Vibalogics specializes in the production of oncolytic viruses, viral vector vaccines, and viral vector gene therapy products. “The virotherapy sector is at an exciting phase in its journey,” says Stefan Beyer, PhD, president and managing director of Vibalogics. “More and more companies are joining the industry, embarking on new projects with the potential to transform healthcare. We’re investing in our infrastructure, technologies, and personnel at Cuxhaven to ensure we continue to meet fast-growing global market demand and offer the best possible service to our customers.”

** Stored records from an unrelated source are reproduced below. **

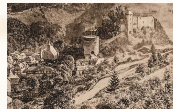
Monschau/Montjoie ca. 1908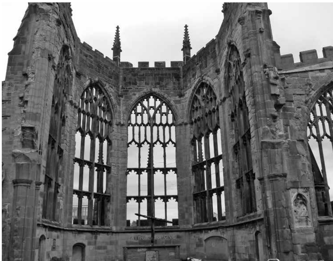
1. Wypalone mury sanktuarium katedry św. Michała, Coventry

dowanego w XIV wieku sanktuarium. Drugi krzyż utworzył ksiądz Arthur Wales, wikary lokalnego kościoła, łącząc drutem w jedną całość trzy wielkie gwoździe, których sporo leżało na rumowisku. Ów krzyż z gwoździ stał się znakiem wojennego Coventry, a także symbolem Kościoła anglikańskiego działającego na rzecz wybaczenia, pokoju i pojednania narodów 5 .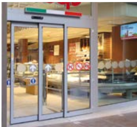
PONZI TSA per ingresso negozio e supermercato

Vibalogics expects the initial site expansions to be in place and ready for cGMP operations by January 2022, with further plans set to continue the same year for ongoing growth of the location. As a part of its ongoing expansion goals, Vibalogics is, Beyer adds, “committed to an aggressive hiring plan and is set to increase its Cuxhaven workforce to 160 people or more by 2024.”
The upgrade of the Cuxhaven facility follows the news of Vibalogics’ expansion into the United States. The company is in the middle of a three-year investment plan, which includes the buildout of a 140,000-square-foot late- and commercial-phase facility (and new global headquarters) in Boxborough, MA. The U.S. project will total $150 million, covering redevelopment of the site, new equipment, and the recruitment of expert personnel.
“Existing customers, and particularly new customers have already made capacity reservations for 2022,” Beyer notes. “But with our expansion, there will be availability at our U.S. and Europe facilities that we are excited to offer.”